* _ABOUT THIS EXERCISE_
Would you repeat the listing exactly but omit every picture?

* _DATA BLOCK_

[Start of Attachment]

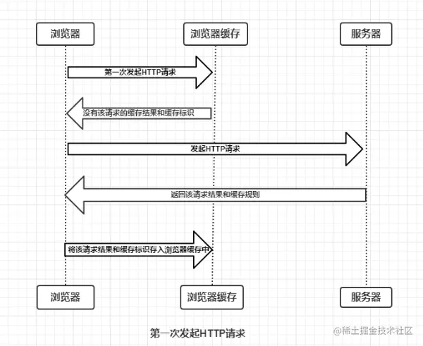浏览器第一次向服务器发起该请求后拿到请求结果,会根据响应报文中HTTP头的缓存标识,决定是否缓存结果,是则将请求结果和缓存标识存入浏览器缓存中。
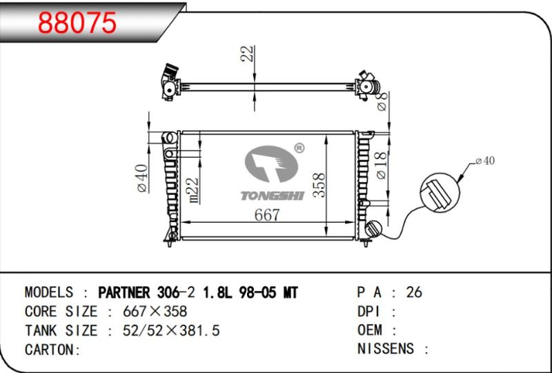 TONGSHI 88075 - RADIA CITROEN BERLINGO/PARTNER DIESEL (96>98) A/S
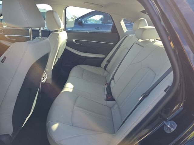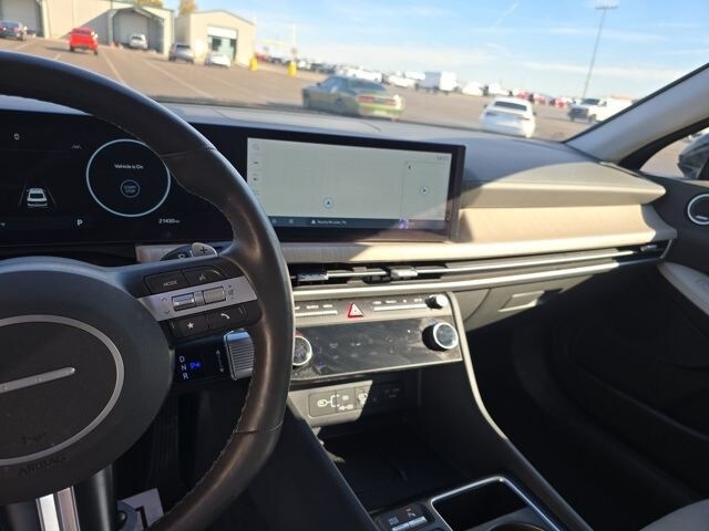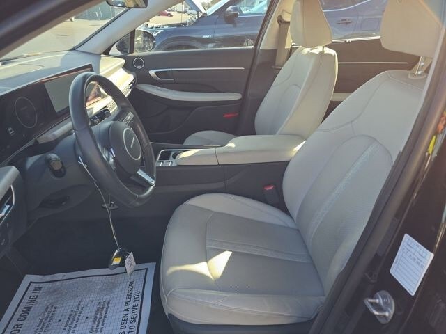 This Sonata Hybrid is well equipped with Option Group 01, I4, 6-Speed Automatic with Shiftronic, 12 Speakers, 17" x 7.0J Aluminum Alloy Wheels, 4-Wheel Disc Brakes, ABS brakes, Air Conditioning, Alloy wheels, AM/FM radio: SiriusXM, Apple CarPlay & Android Auto, Auto High-beam Headlights, Auto-dimming Rear-View mirror, Automatic temperature control, Brake assist, Bumpers: body-color, Delay-off headlights, Driver door bin, Driver vanity mirror, Dual front impact airbags, Dual front side impact airbags, Electronic Stability Control, Emergency communication system: Bluelink, Four wheel independent suspension, Front anti-roll bar, Front Bucket Seats, Front Center Armrest, Front dual zone A/C, Front reading lights, Fully automatic headlights, Heads-Up Display, Heated & Ventilated Front Bucket Seats, Heated door mirrors, Heated front seats, Heated steering wheel, Illuminated entry, Knee airbag, Lane Departure Warning System, Leather Seating Surfaces, Leather steering wheel, Low tire pressure warning, Memory seat, Navigation System, Occupant sensing airbag, Outside temperature display, Overhead airbag, Overhead console, Panic alarm, Passenger door bin, Passenger vanity mirror, Power door mirrors, Power driver seat, Power moonroof, Power passenger seat, Power steering, Power windows, Radio data system, Radio: AM/FM/HD/SiriusXM, Rain sensing wipers, Rear anti-roll bar, Rear seat center armrest, Rear side impact airbag, Rear window defroster, Remote keyless entry, Security system, Speed control, Speed-sensing steering, Speed-Sensitive Wipers, Split folding rear seat, Spoiler, Steering wheel mounted audio controls, Tachometer, Telescoping steering wheel, Tilt steering wheel, Traction control, Trip computer, Variably intermittent wipers, and Ventilated front seats.

[End of Attachment]

* _OUTPUT OF THE EXERCISE_
浏览器第一次向服务器发起该请求后拿到请求结果,会根据响应报文中HTTP头的缓存标识,决定是否缓存结果,是则将请求结果和缓存标识存入浏览器缓存中。
 TONGSHI 88075 - RADIA CITROEN BERLINGO/PARTNER DIESEL (96>98) A/S
 This Sonata Hybrid is well equipped with Option Group 01, I4, 6-Speed Automatic with Shiftronic, 12 Speakers, 17" x 7.0J Aluminum Alloy Wheels, 4-Wheel Disc Brakes, ABS brakes, Air Conditioning, Alloy wheels, AM/FM radio: SiriusXM, Apple CarPlay & Android Auto, Auto High-beam Headlights, Auto-dimming Rear-View mirror, Automatic temperature control, Brake assist, Bumpers: body-color, Delay-off headlights, Driver door bin, Driver vanity mirror, Dual front impact airbags, Dual front side impact airbags, Electronic Stability Control, Emergency communication system: Bluelink, Four wheel independent suspension, Front anti-roll bar, Front Bucket Seats, Front Center Armrest, Front dual zone A/C, Front reading lights, Fully automatic headlights, Heads-Up Display, Heated & Ventilated Front Bucket Seats, Heated door mirrors, Heated front seats, Heated steering wheel, Illuminated entry, Knee airbag, Lane Departure Warning System, Leather Seating Surfaces, Leather steering wheel, Low tire pressure warning, Memory seat, Navigation System, Occupant sensing airbag, Outside temperature display, Overhead airbag, Overhead console, Panic alarm, Passenger door bin, Passenger vanity mirror, Power door mirrors, Power driver seat, Power moonroof, Power passenger seat, Power steering, Power windows, Radio data system, Radio: AM/FM/HD/SiriusXM, Rain sensing wipers, Rear anti-roll bar, Rear seat center armrest, Rear side impact airbag, Rear window defroster, Remote keyless entry, Security system, Speed control, Speed-sensing steering, Speed-Sensitive Wipers, Split folding rear seat, Spoiler, Steering wheel mounted audio controls, Tachometer, Telescoping steering wheel, Tilt steering wheel, Traction control, Trip computer, Variably intermittent wipers, and Ventilated front seats.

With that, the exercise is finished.